Opinion

Le Canada, cancre mondial de la consommation d’énergie

La semaine passée, le gouvernement fédéral a organisé à Winnipeg la conférence Génération énergie, qui a réuni plus de 600 participants venant de partout au Canada. L’objectif officiel était de discuter comment « changer nos façons de produire, de transporter et d’utiliser l’énergie », dans un contexte où les objectifs du Canada en matière de changements climatiques représentent un des plus grands défis de notre époque.

En effet, notre pays a pour objectif de réduire ses émissions de gaz à effet de serre (GES) de 17 % sous le niveau de 2005 d’ici 2020, et de 30 % d’ici 2030.

Un peu plus tôt cet automne, la commissaire à l’environnement et au développement durable du Canada, Julie Gelfand, a publié le rapport Progrès vers la réduction des GES au pays. Ses constats sont très clairs, et très durs : non seulement les plans d’action de 1995, 2000, 2002, 2005, 2007 et 2010 n’ont pas donné les résultats escomptés, mais aucune mesure concrète n’a encore émergé du plus récent plan de 2016, le Cadre pancanadien sur la croissance propre et les changements climatiques. 

Tout indique, selon son rapport, que nous allons rater les objectifs de 2020 et même de 2030. Même si, avec son marché du carbone, le Québec s’est doté d’un outil plus contraignant pour atteindre son propre objectif (une réduction de 37,5 % des GES en 2030 sous le niveau de 1990), les tendances ne sont pas plus positives ici : les émissions ne descendent pas au rythme qu’il faudrait, et aucune mesure concrète ne permet de croire, ou simplement de voir, comment l’objectif sera atteint.

Perte de temps

La principale raison pour laquelle nous perdons notre temps dans ces conférences et ces plans d’action, c’est qu’un constat très simple n’y est jamais fait : le Canada est le champion mondial de la consommation d’énergie. 

Si on oublie Trinité-et-Tobago, le Qatar, l’Islande et le Luxembourg –, des pays minuscules qui ont des circonstances énergétiques exceptionnelles –, le Canada consomme par habitant plus d’énergie que n’importe quel autre pays.

Davantage que les États-Unis, l’Arabie saoudite, la Norvège, la Suède, l’Australie… et deux fois plus que l’Allemagne, et trois fois plus que le Royaume-Uni. 

Si notre climat, les distances et certaines industries jouent un rôle dans cette triste palme d’or que nous détenons, la vraie explication réside ailleurs : nous sommes particulièrement inefficaces en transport et dans nos bâtiments.

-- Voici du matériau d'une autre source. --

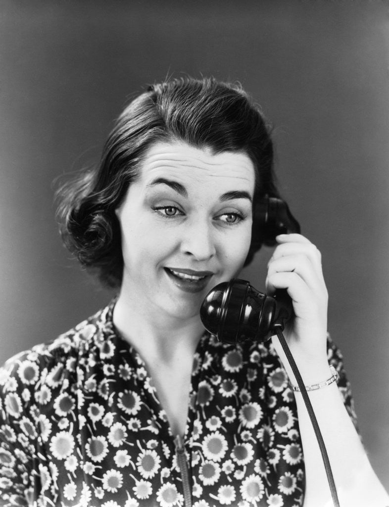 Product images of 1940s woman sunflower print dress talking on telephone smiling

Ainsi, quand pour chaque Norvégien il faut 6,5 barils de pétrole par année pour le transport, il en faut 12 pour un Canadien, et 10 pour un Québécois. Pour les bâtiments, c’est 51 gigajoules, une unité de mesure de l’énergie, qu’il faut par Norvégien, mais 69 au Canada et 62 au Québec.

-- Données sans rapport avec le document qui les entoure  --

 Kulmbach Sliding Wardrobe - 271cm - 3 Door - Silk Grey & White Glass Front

Des solutions intéressantes

Au lieu de parler exclusivement de production, de transport d’énergie et de toutes les innovations technologiques qui pourraient un jour, éventuellement, peut-être, à terme, avoir un impact sur les émissions de GES, pourquoi ne pas commencer par le début en réduisant notre consommation d’énergie ? Si la Norvège et l’Allemagne, des pays plus riches que le nôtre et avec moins d’inégalités, consomment respectivement 30 % et 50 % moins d’énergie par habitant, il y a sans doute moyen de faire de réels progrès, sans saborder notre économie ni nuire aux ménages à faible revenu.

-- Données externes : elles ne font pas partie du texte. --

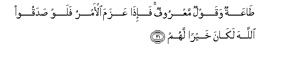 21. Ut'iifu na kauli njema. Na jambo likisha azimiwa, basi wakiwa

Il n’y a pas de solution unique à notre surconsommation énergétique, mais plusieurs pistes sont intéressantes : soutenir sans équivoque les transports à moindre consommation (transports actifs, en commun, petits véhicules) et les bâtiments performants (meilleure isolation, plus grande densité), tout en pénalisant les pratiques problématiques, comme les gros véhicules et les maisons monstres. Rapidement, les avantages seront connus de tous, nous réduirons la consommation d’énergie et les GES, et nous rattraperons notre retard par rapport à des pays socialement et économiquement plus avancés.